Мысль о побеге ни на минуту не покидала меня. И такой случай вскоре представился для многих военнопленных.
Стояла сырая осенняя ночь. Глухо завывал ветер, пронизывая барак насквозь. Под ударами осеннего ветра скрипели деревянные стены ветхих бараков. Кругом обманчивая тишина.
Только прожектора на вышках осторожно рыскали по темным закоулкам грязного лагеря.
Ночью раздалась сирена. В ворота лагеря въезжали машины. Большинство пленных посадили на машины, и они двинулись в сторону Кременчуга. Кто-то сказал: «В крематорий». Раскисшим от непогоды шляхом эшелон смерти выехал в поле. Не видать ни зги.
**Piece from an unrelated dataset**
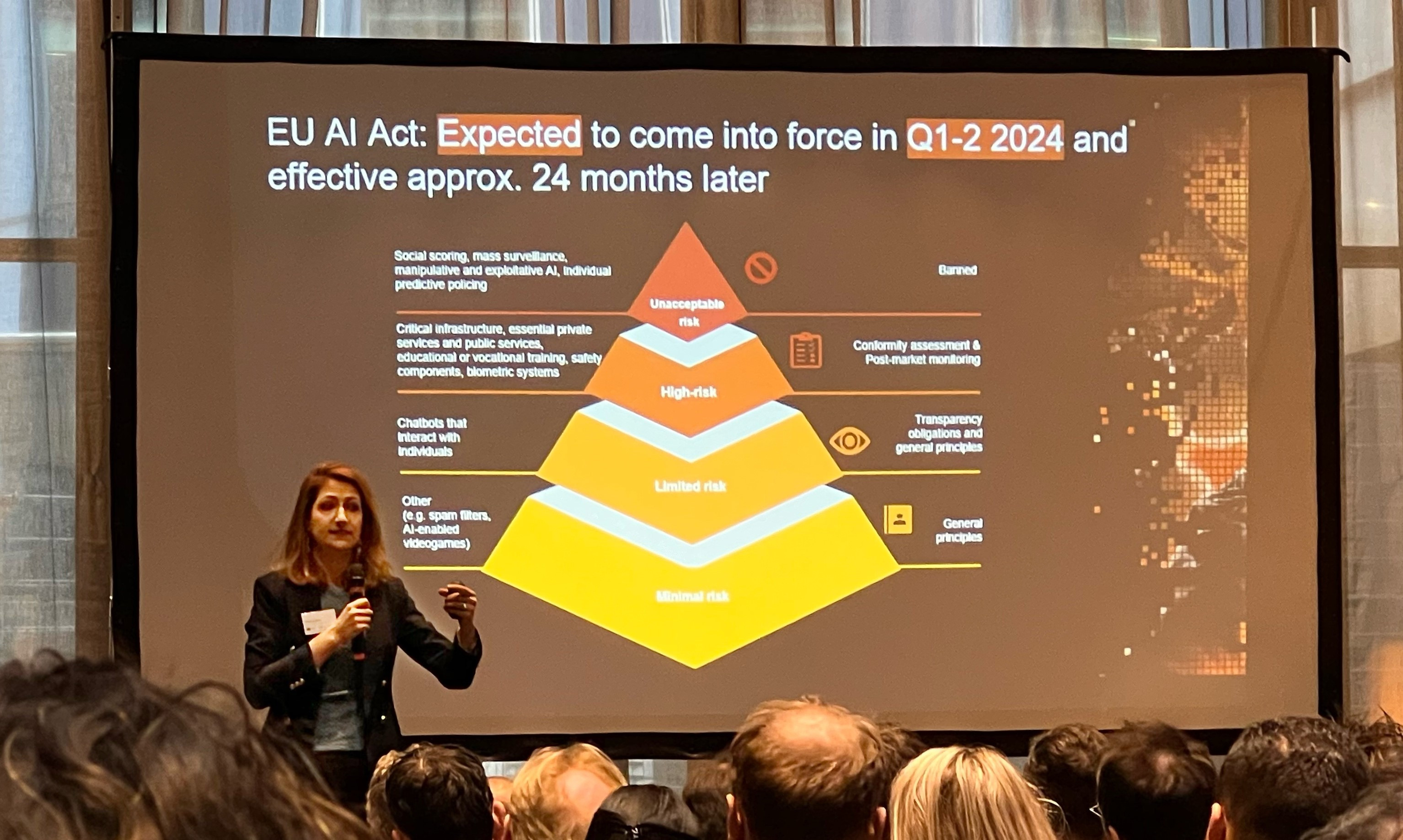 Ylja Remmits nam vervolgens het stokje over en nam ons mee naar de diepten van ethische uitdagingen die gepaard gaan met het gebruik van AI In haar presentatie belichtte ze de risico’s van A.I.-systemen in besluitvormingstoepassingen aan de hand van concrete voorbeelden, zoals gevallen waarin studenten met een migratieachtergrond vaker worden beschuldigd van fraude, AI-antispieksoftware donkere mensen niet herkent, en automatische AI job screening tools discriminatie vertonen. Deze voorbeelden benadrukten het belang van screening en controle bij AI-toepassingen, omdat de automatisering en standaardisering ervan risico's met zich meebrengen. Het gevaar bestaat dat er geen ruimte is voor uitzonderingen die niet binnen de standaard workflow passen, wat kan leiden tot een verlies van menselijkheid en toezicht. Remmits benadrukte in haar presentatie ook de complexiteit van zogeheten ‘AI-ethiek’, waarbij de beoordeling van wat ‘juist’ en ‘onjuist’ is namelijk contextafhankelijk en persoonlijk is. Ze wees op de tegenstrijdige belangen tussen bedrijven, individuen en de maatschappij, waardoor de impact van AI moeilijk te voorspellen is. Als oplossing stelde Ylja vier stappen voor: het vaststellen van gedeelde waarden en principes, het verzorgen van training en bewustwording over AI en ethische uitdagingen, het uitvoeren van (ethische) impact assessments bij het gebruik van AI, en tot slot het verankeren van AI-ethiek in processen en governance. Dit biedt auditors de mogelijkheid om te controleren of de vastgestelde processen en governance worden nageleefd.
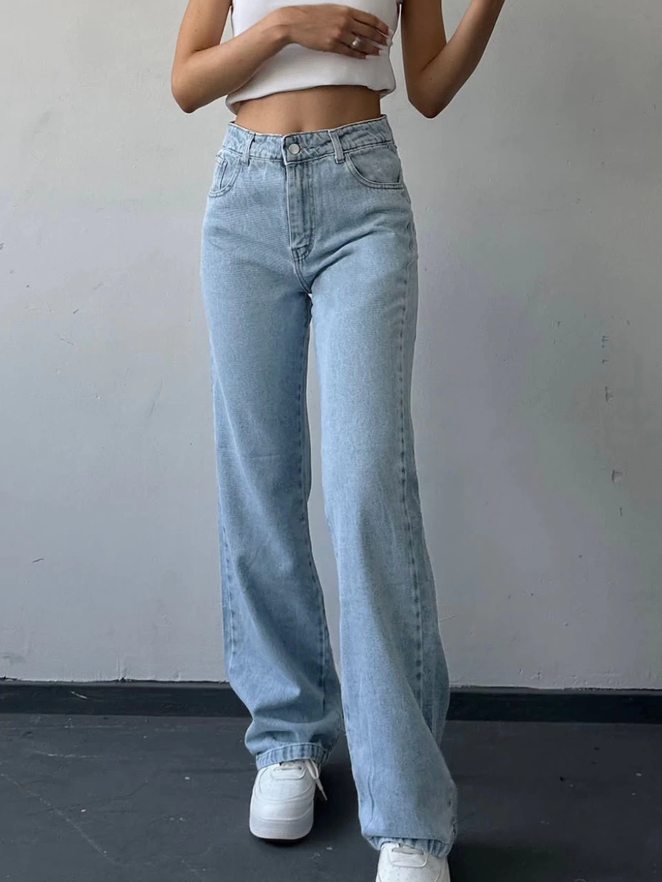 DENIM RÍGIDO CELESTE CLARO, tiro alto

В дороге созрел смелый план действий. В кузове с 30 советскими военнопленными сидел вооруженный автоматом полицай. В кабине рядом с шофером еще один. Машины шли с потушенными фарами. Дождь, словно сетка, висел в воздухе, машины начали буксовать. Когда однажды очень сильно тряхнуло машину на ухабе, пятеро военнопленных, самые сильные из всех, навалились на полицая и задушили его. Выбросив труп в грязь, мы с товарищами выбрались из машины. Быстро достигли спасительного леса. Ушла вся пятерка, которая убила полицая. Когда все собрались, разбились на две группы.
Мы вместе с Сашком и Виктором поспешили на восток: ночь длинная, а путь далек, нужно спешить. Редко доводилось нам ночевать под крышей. Голодные, изможденные, с воспаленными ранами, брели мы на восток. Саше стало совсем плохо. У него началась гангрена.
— Хватит, хлопцы, со мной мучиться. Идите сами. А я тут…
Но мы вдвоем с Виктором несли его. Так на руках и умер. Вырыли могилу между двух берез, и остался Сашко под незнакомыми звездами. А вскоре темной ночью отстал и Виктор.